SANA × Cosmos-RL: Post-Training (SFT/RL) for Image & Video Diffusion Models¶
We have partnered with Cosmos-RL to provide a complete RL infrastructure for SANA. This document summarizes how to post-train (SFT/RL) SANA-Image or SANA-Video on Cosmos-RL.
Overview¶
SANA is an efficiency-oriented codebase for high-resolution image and video generation. Cosmos-RL is NVIDIA’s flexible and scalable reinforcement learning framework. Together they support:
- SFT (Supervised Fine-Tuning): full and LoRA for image and video
- RL (e.g. DiffusionNFT & Flow-GRPO): image and video with async reward service and configurable datasets
Supported Algorithms & Features¶
Cosmos-RL supports state-of-the-art algorithms including GRPO, DAPO for LLMs, and for diffusion/world models FlowGRPO, DDRL, and DiffusionNFT. SANA is natively supported. For full details see the Cosmos-RL documentation and the post-training of diffusion models overview.
Configuration¶
Configs: SANA configs live in configs/sana. Presets include:
- SFT — Image:
sana-image-sft,sana-image-sft-lora; Video:sana-video-sft,sana-video-sft-lora - RL — Image:
sana-image-nft; Video:sana-video-nft
See the Configuration Page for argument details.

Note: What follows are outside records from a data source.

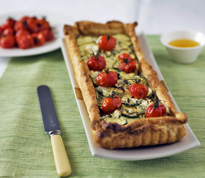 4. Ouăle se bat bine şi se amestecă cu brânza şi puţină sare şi piper, se toarnă peste legumele din tartă, se pun roşioarele şi se dă la cuptor pentru 40 de minute.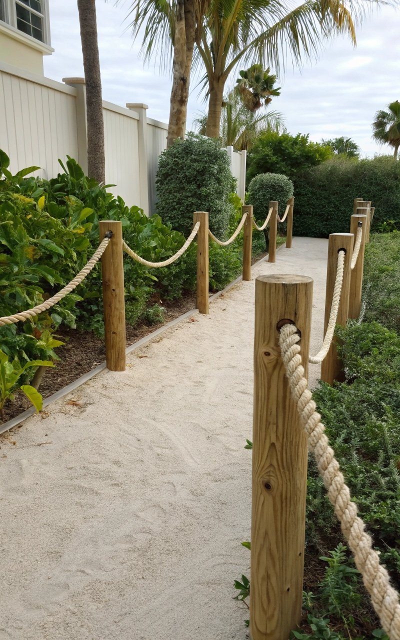A rope fence might not be the first thing that comes to mind, but it adds a relaxed, coastal vibe that’s hard to resist. The thick, textured lines create a soft boundary that feels casual and inviting. It’s easy to install and doesn’t require heavy materials, which makes it super budget-friendly. I love how it keeps the space defined without feeling restrictive. Isn’t it nice when something simple feels this creative? It’s definitely a fun option to try.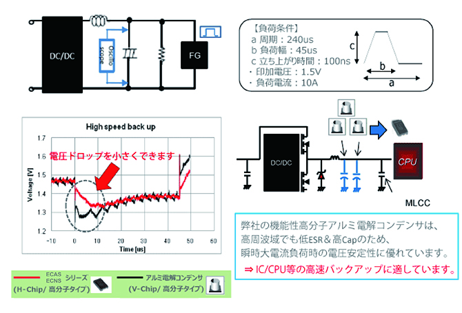 ECASシリーズは低ESR、低インピーダンス、静電容量が安定しているため、負荷電流が大きく変動が激しいCPUなどの各種電源ラインの平滑(リップル吸収や過渡応答)用途に最適です。基本的にMLCCと組み合わせて使われる場合がほとんどで、ECASシリーズは特に電圧変動抑制(高速バックアップ)用途で能力を発揮します。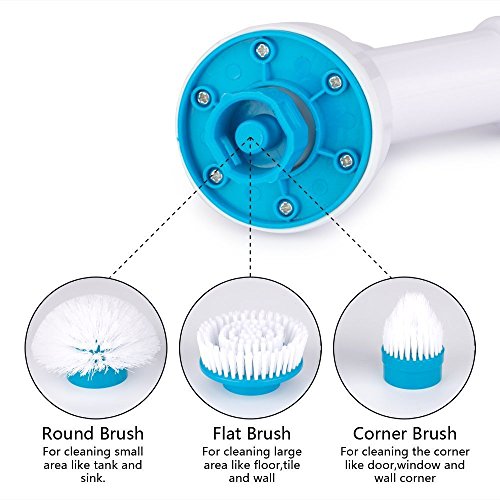- Detacheable Brush heads:Comes with 3 types spin scrubber brush heads,which include flat brush head,half bulb head,corner brush adjust to your all cleaning needs,and the charger, extendable handle,usage instruction.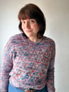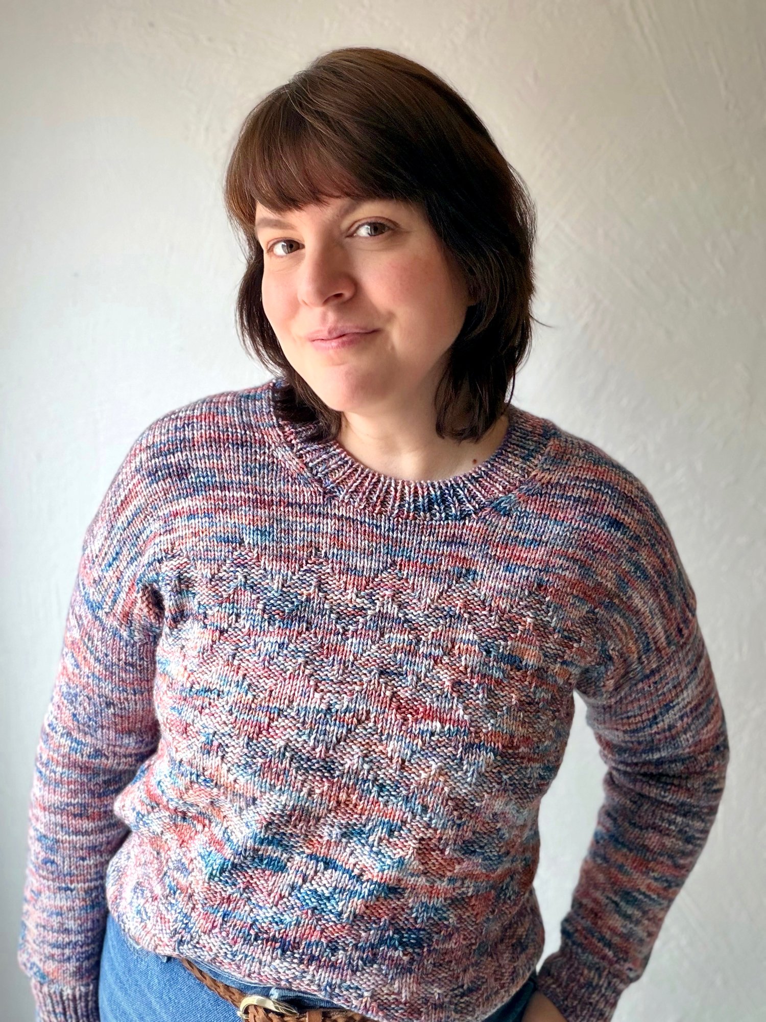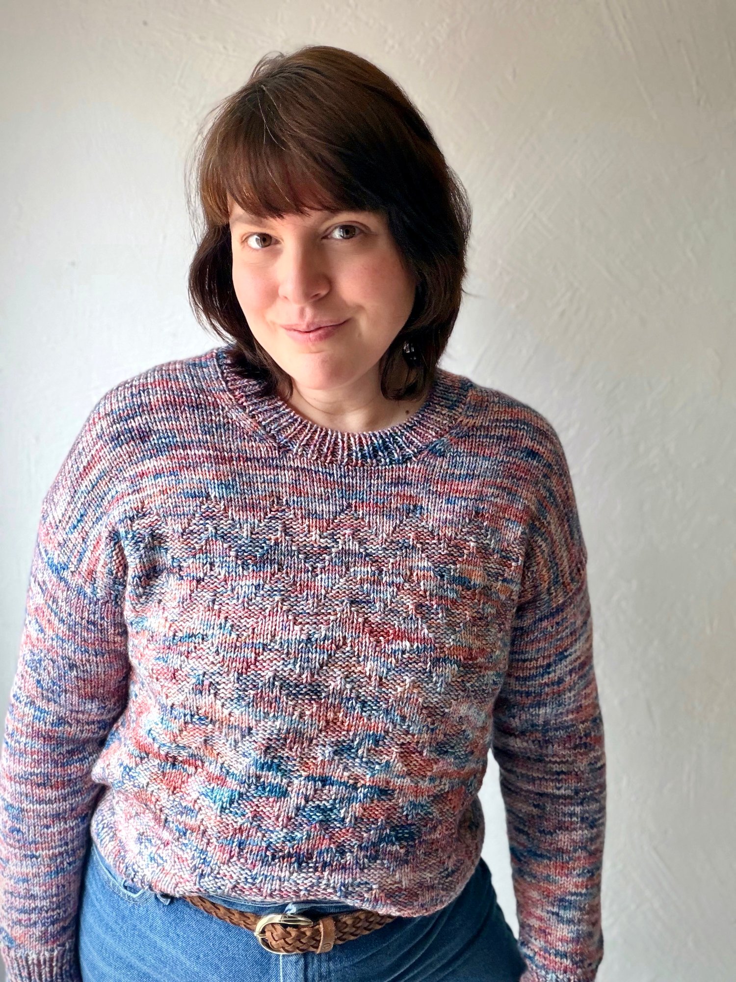 Pour ce modèle, je me suis fixé un défi clair: travailler un fil très bigarré sans céder à la facilité du jersey intégral. La texture a été pensée pour trouver sa place dans ce tableau de couleur dense, en créant un équilibre sans prendre le dessus.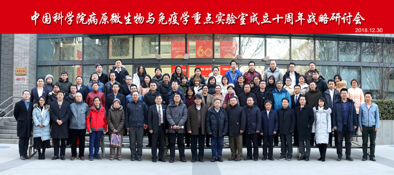 中国科学院病原微生物与免疫学重点实验室(以下简称“病原室”)成立10周年战略研讨会于2018年12月30日在微生物研究所E301会议室隆重召开,十年前的今天,经中国科学院批准,病原室正式成立。此次会议邀请了华大基因主席杨焕明院士、河北大学校长康乐院士、北京生命科学研究所副所长邵峰院士、中国疾病预防控制中心病毒病研究所武桂珍书记、军事医学研究院杨瑞馥主任、广东省结核病控制中心周琳主任、深圳市第三人民医院刘磊院长、病毒学国家重点实验室陈明周和周溪两位副主任、中国科学院武汉病毒所王延轶所长和石正丽研究员、院国际合作局曹京华局长、院前沿教育局张永清副局长和沈毅处长、上海巴斯德所刘冬平处长等与会,共同见证病原室十年成长历程,共谋未来发展战略。刘双江所长、李俊雄书记、向华副所长、钱韦副所长,各研究室主任以及所行政部门处长也参加了会议。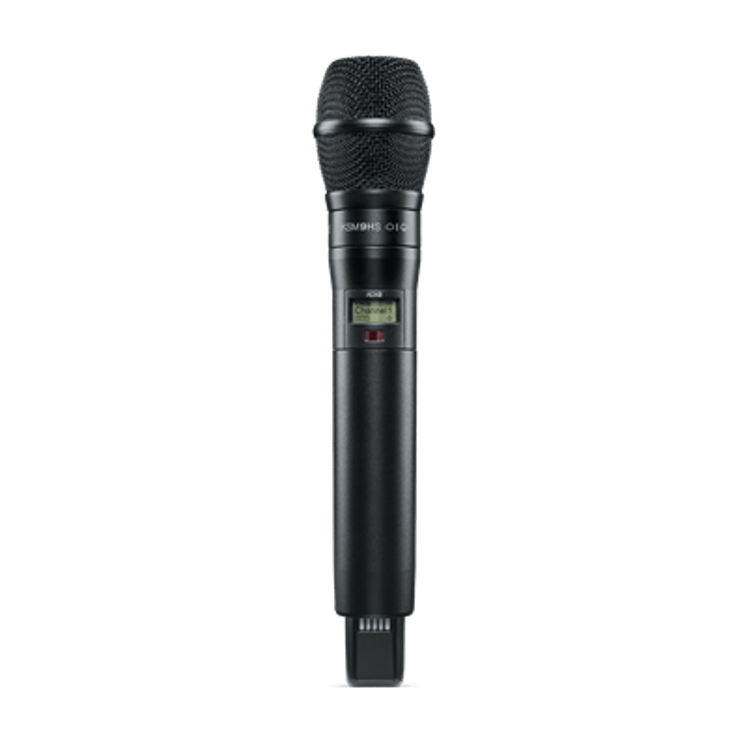 Shure ADX2 with K9HSB capsule (black), like all ADX transmitters, sets the stage for exceptional performance, with wide tuning up to 184 MHz, interference protection, advanced rechargeability, streamlined design, and ShowLink remote control for real-time parameter adjustments right from the booth.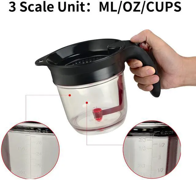 Fat separator cup has a large capacity of 4 cups. You can control the amount you need through the easy-to-read scale, which can reduce unnecessary waste.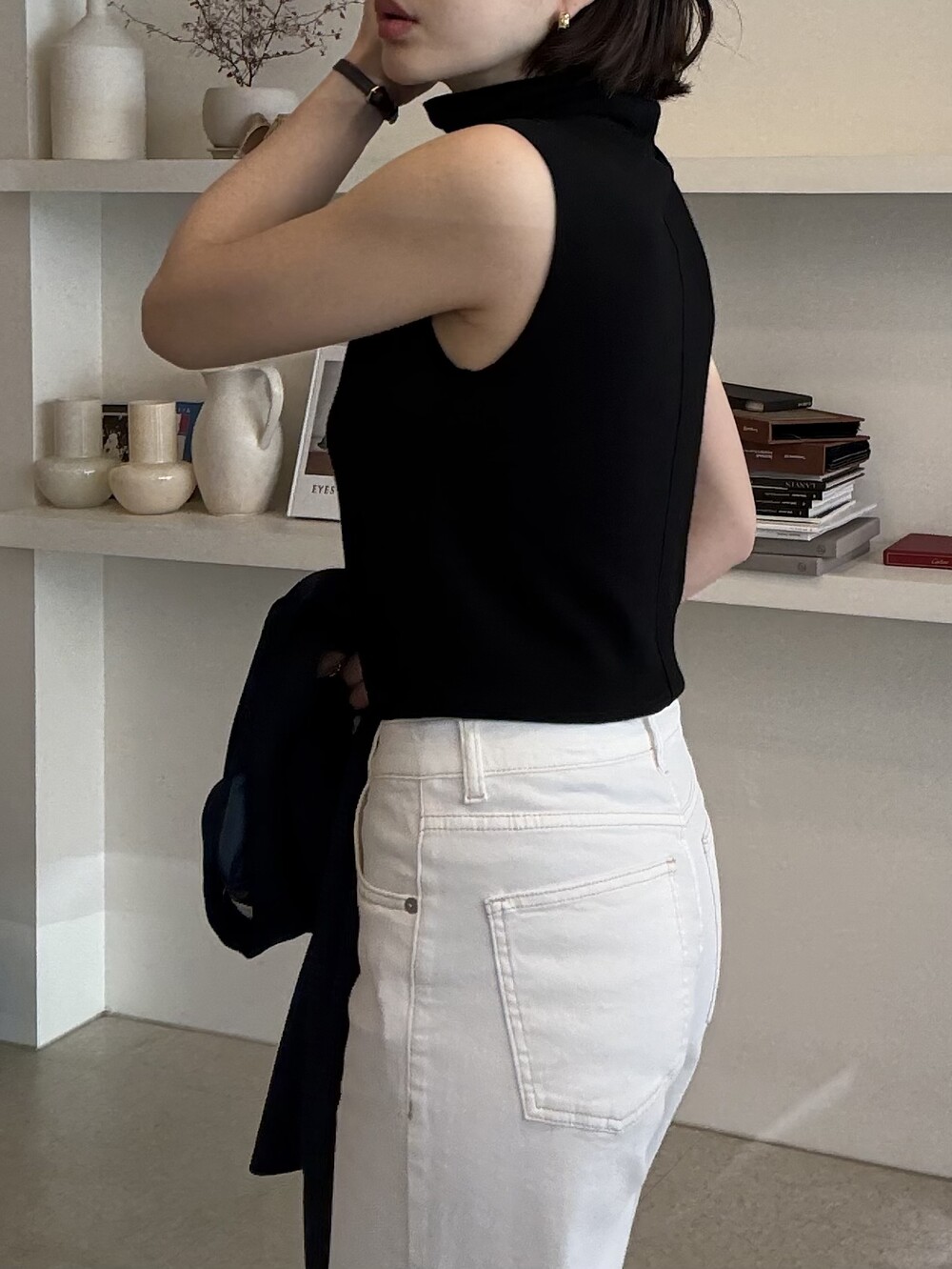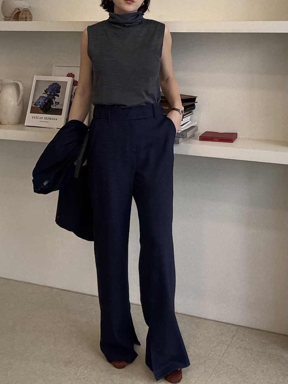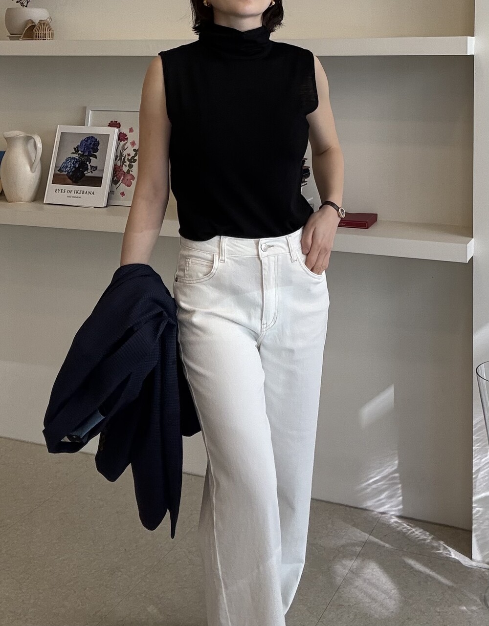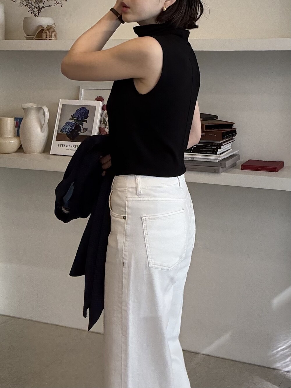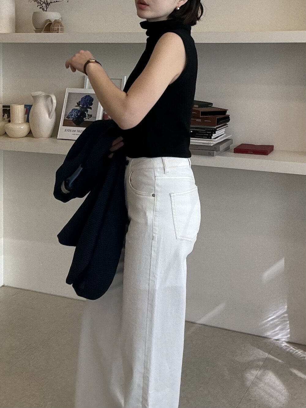 메리노 울100% 의 세번수 울로 소프트한 질감이 느껴지는 터틀넥 슬리브리스 입니다.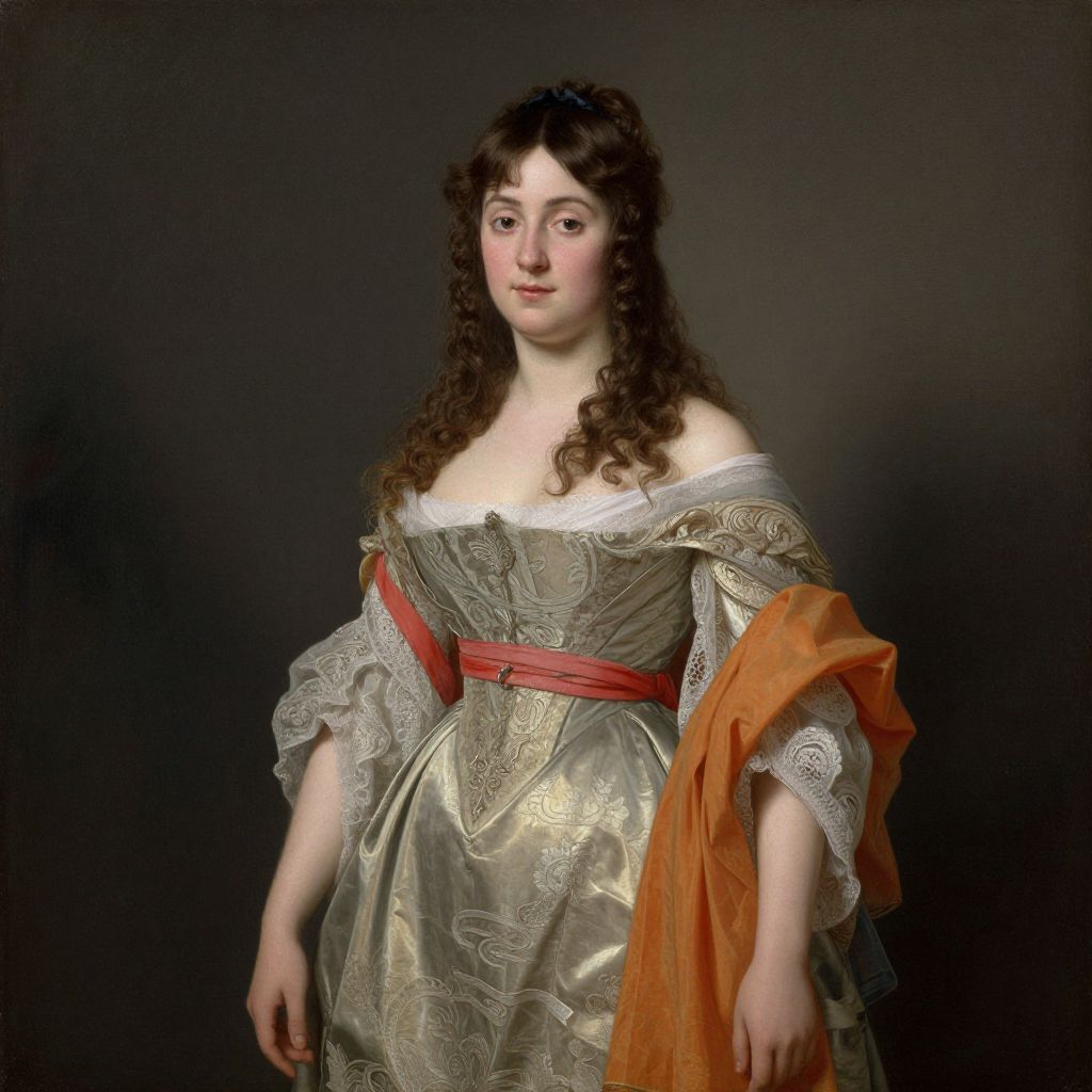 18th-century portrait of a young woman with long curly brown hair, fair skin, wearing an ornate silver dress with white lace, red sash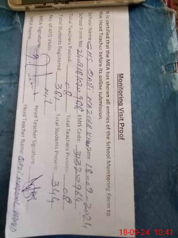 | EMIS Code: 31320964 | Name of School: GHS BASTI NAZIR KHAN | |||
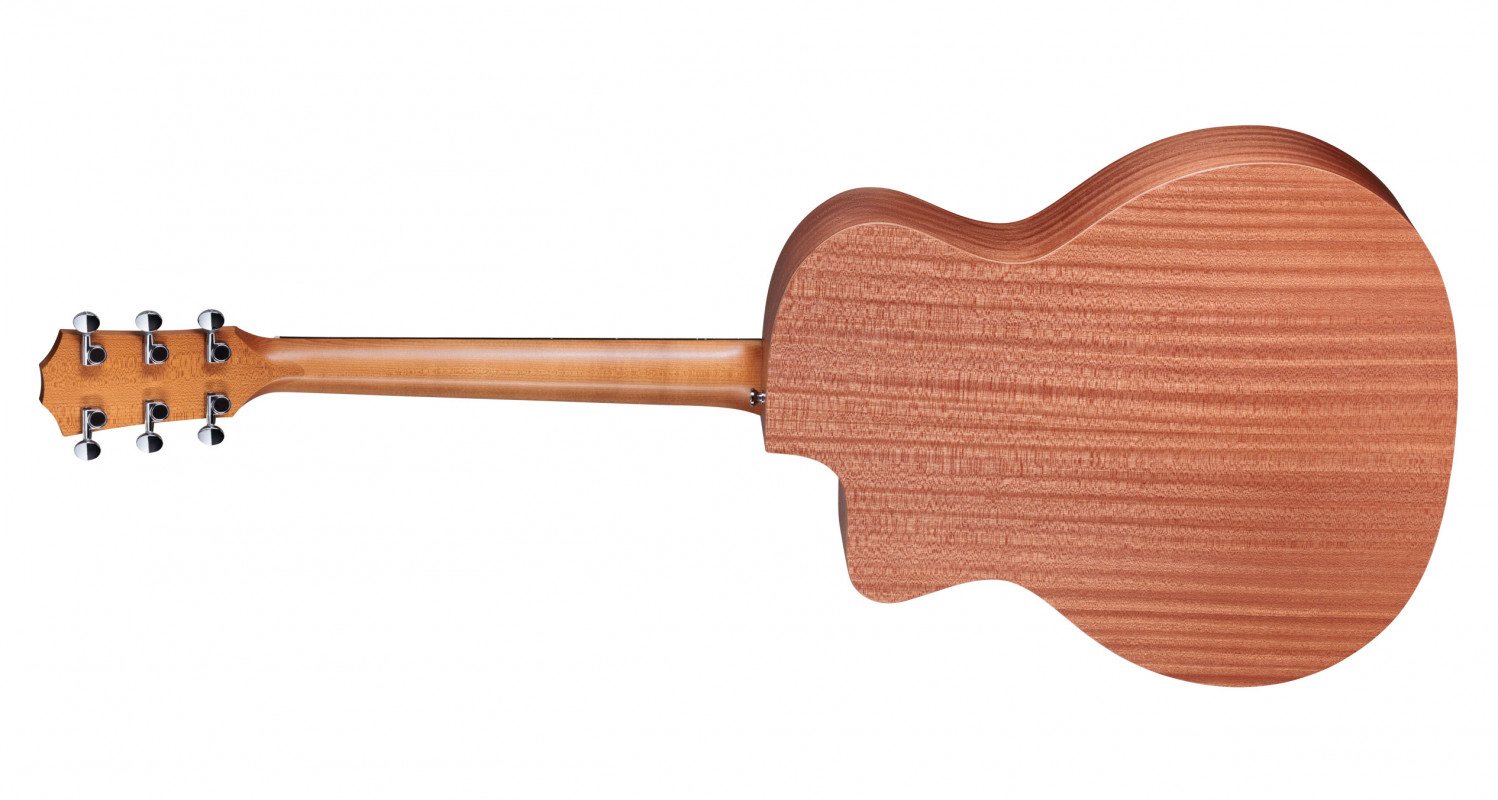 The back and sides are made of laminated African sapele, paired with a solid mahogany top, producing a warm and mellow tone.

Reward service: Use a separate async reward service; see reward_service/README.md. Set REMOTE_REWARD_TOKEN, REMOTE_REWARD_ENQUEUE_URL, and REMOTE_REWARD_FETCH_URL for the trainer.
Training¶
SFT (example with image LoRA):
cosmos-rl --config ./configs/sana/sana-image-sft-lora.toml cosmos_rl.tools.dataset.diffusers_dataset
RL (image NFT):
cosmos-rl --config ./configs/sana/sana-image-nft.toml cosmos_rl.tools.dataset.diffusion_nft
Datasets: SFT uses local dirs with *.json + *.jpg / *.mp4. RL supports image datasets (e.g. pickscore, ocr, geneval) and video (e.g. filtered VidProM). You can customize via cosmos_rl/tools/dataset/diffusion_nft.py and the Customization guide.